(Items listed in a dataset)
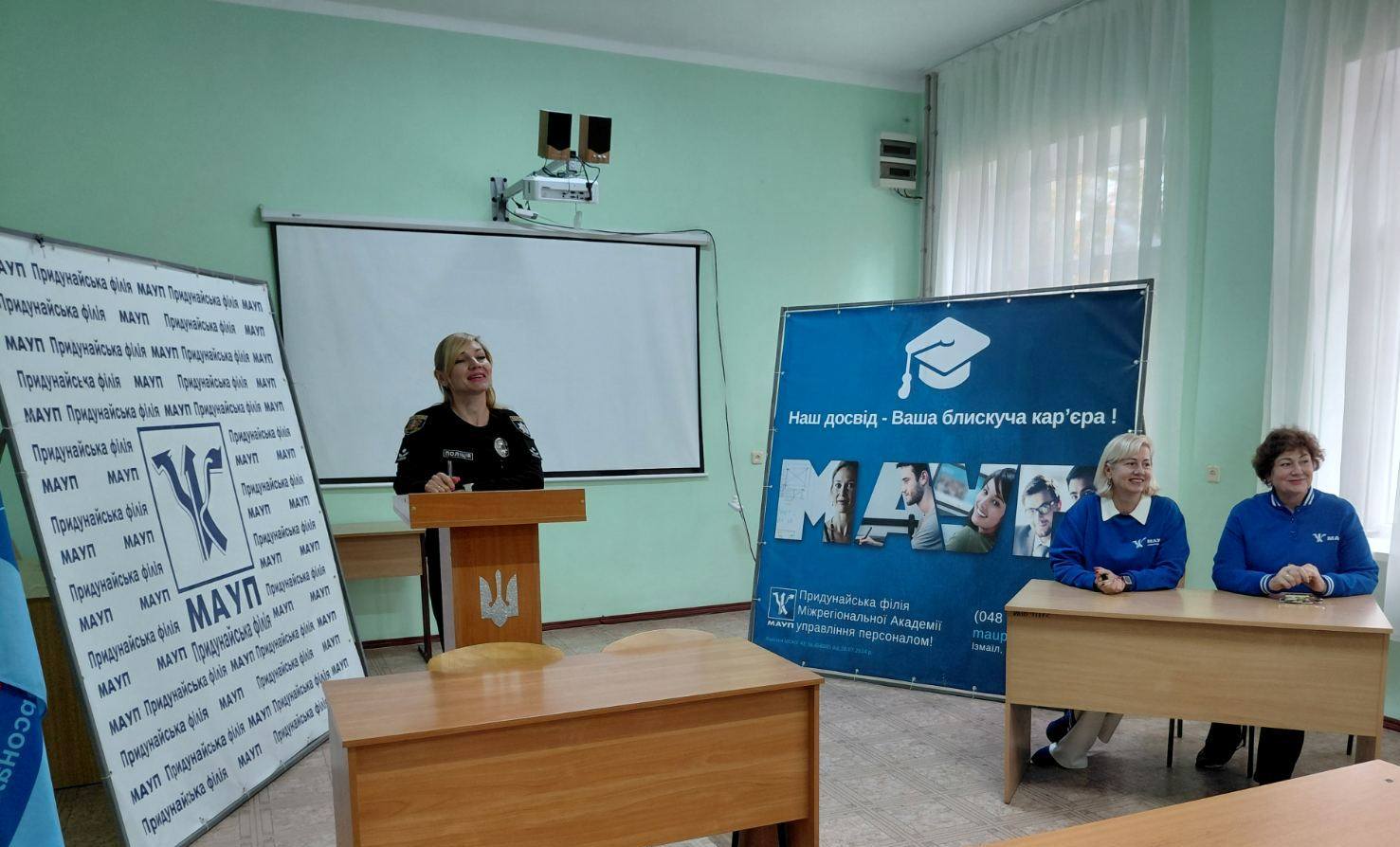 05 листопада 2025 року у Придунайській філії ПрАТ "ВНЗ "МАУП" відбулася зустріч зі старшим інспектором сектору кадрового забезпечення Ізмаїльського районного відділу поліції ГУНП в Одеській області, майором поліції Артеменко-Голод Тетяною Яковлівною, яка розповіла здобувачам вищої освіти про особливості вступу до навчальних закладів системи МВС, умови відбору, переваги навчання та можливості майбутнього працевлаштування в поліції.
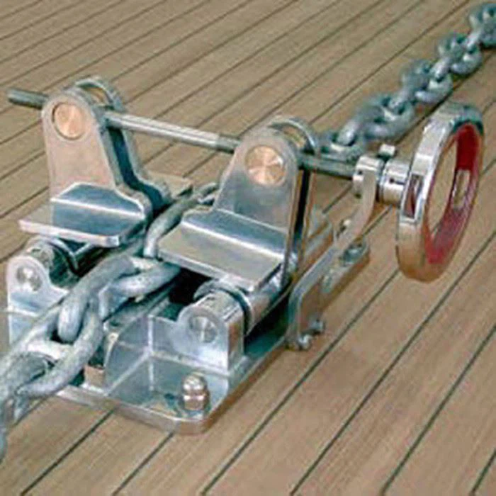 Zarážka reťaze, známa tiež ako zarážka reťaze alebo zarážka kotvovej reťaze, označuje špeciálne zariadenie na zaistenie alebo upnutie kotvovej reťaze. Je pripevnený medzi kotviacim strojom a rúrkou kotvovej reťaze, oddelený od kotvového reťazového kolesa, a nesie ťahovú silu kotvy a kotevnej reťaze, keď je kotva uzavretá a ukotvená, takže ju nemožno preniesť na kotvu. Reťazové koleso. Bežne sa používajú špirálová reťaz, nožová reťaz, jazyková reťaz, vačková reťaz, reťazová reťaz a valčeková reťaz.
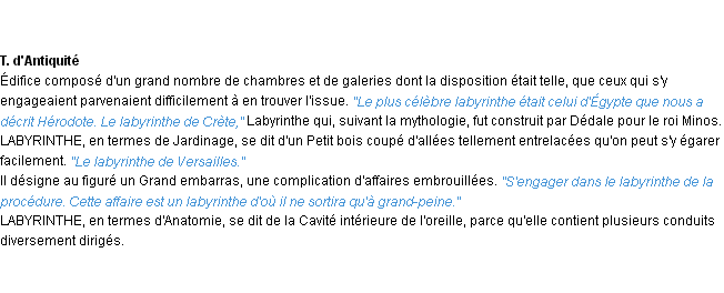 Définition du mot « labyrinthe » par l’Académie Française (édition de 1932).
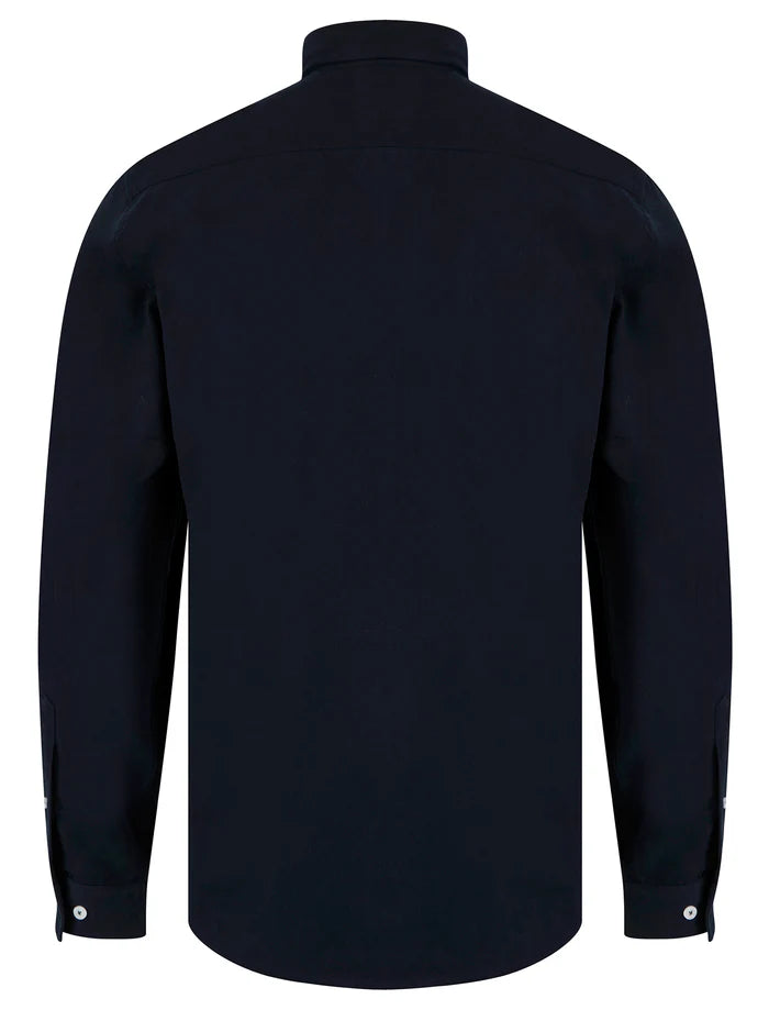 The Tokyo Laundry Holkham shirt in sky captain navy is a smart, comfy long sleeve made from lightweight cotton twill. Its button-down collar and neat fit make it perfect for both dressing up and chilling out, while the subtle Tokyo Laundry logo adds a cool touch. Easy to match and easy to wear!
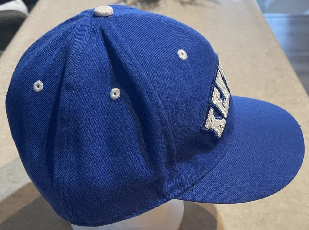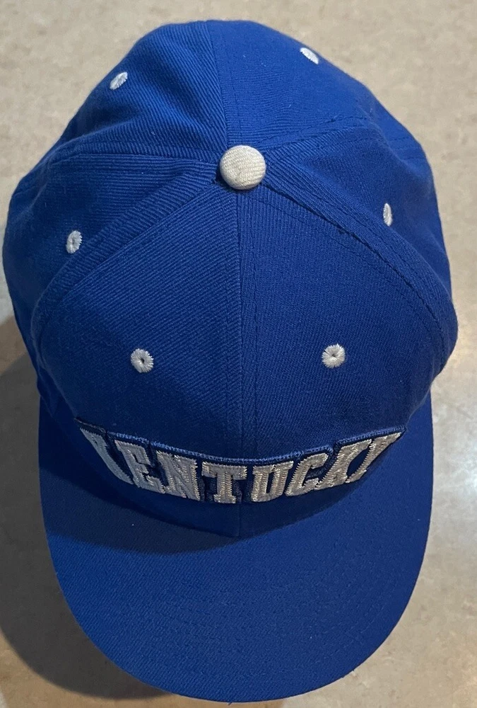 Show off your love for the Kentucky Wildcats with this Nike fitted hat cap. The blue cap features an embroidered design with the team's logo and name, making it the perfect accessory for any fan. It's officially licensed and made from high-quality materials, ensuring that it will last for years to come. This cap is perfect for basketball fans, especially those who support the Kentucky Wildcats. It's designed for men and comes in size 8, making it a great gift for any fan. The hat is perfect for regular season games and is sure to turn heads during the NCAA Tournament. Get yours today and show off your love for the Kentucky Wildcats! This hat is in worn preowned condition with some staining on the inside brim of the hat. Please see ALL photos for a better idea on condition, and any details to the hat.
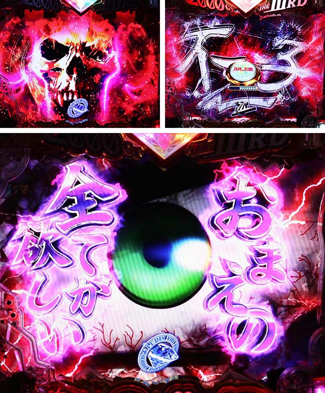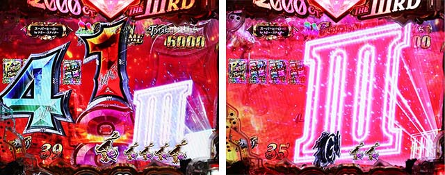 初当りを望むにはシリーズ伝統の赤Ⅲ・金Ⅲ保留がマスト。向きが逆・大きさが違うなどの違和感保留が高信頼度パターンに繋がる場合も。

■ What you are asked to do ■
Every line above is to be reproduced verbatim, and the pictures are to be omitted.

■ Expected answer ■
 05 листопада 2025 року у Придунайській філії ПрАТ "ВНЗ "МАУП" відбулася зустріч зі старшим інспектором сектору кадрового забезпечення Ізмаїльського районного відділу поліції ГУНП в Одеській області, майором поліції Артеменко-Голод Тетяною Яковлівною, яка розповіла здобувачам вищої освіти про особливості вступу до навчальних закладів системи МВС, умови відбору, переваги навчання та можливості майбутнього працевлаштування в поліції.
 Zarážka reťaze, známa tiež ako zarážka reťaze alebo zarážka kotvovej reťaze, označuje špeciálne zariadenie na zaistenie alebo upnutie kotvovej reťaze. Je pripevnený medzi kotviacim strojom a rúrkou kotvovej reťaze, oddelený od kotvového reťazového kolesa, a nesie ťahovú silu kotvy a kotevnej reťaze, keď je kotva uzavretá a ukotvená, takže ju nemožno preniesť na kotvu. Reťazové koleso. Bežne sa používajú špirálová reťaz, nožová reťaz, jazyková reťaz, vačková reťaz, reťazová reťaz a valčeková reťaz.
 Définition du mot « labyrinthe » par l’Académie Française (édition de 1932).
 The Tokyo Laundry Holkham shirt in sky captain navy is a smart, comfy long sleeve made from lightweight cotton twill. Its button-down collar and neat fit make it perfect for both dressing up and chilling out, while the subtle Tokyo Laundry logo adds a cool touch. Easy to match and easy to wear!
 Show off your love for the Kentucky Wildcats with this Nike fitted hat cap. The blue cap features an embroidered design with the team's logo and name, making it the perfect accessory for any fan. It's officially licensed and made from high-quality materials, ensuring that it will last for years to come. This cap is perfect for basketball fans, especially those who support the Kentucky Wildcats. It's designed for men and comes in size 8, making it a great gift for any fan. The hat is perfect for regular season games and is sure to turn heads during the NCAA Tournament. Get yours today and show off your love for the Kentucky Wildcats! This hat is in worn preowned condition with some staining on the inside brim of the hat. Please see ALL photos for a better idea on condition, and any details to the hat.
 初当りを望むにはシリーズ伝統の赤Ⅲ・金Ⅲ保留がマスト。向きが逆・大きさが違うなどの違和感保留が高信頼度パターンに繋がる場合も。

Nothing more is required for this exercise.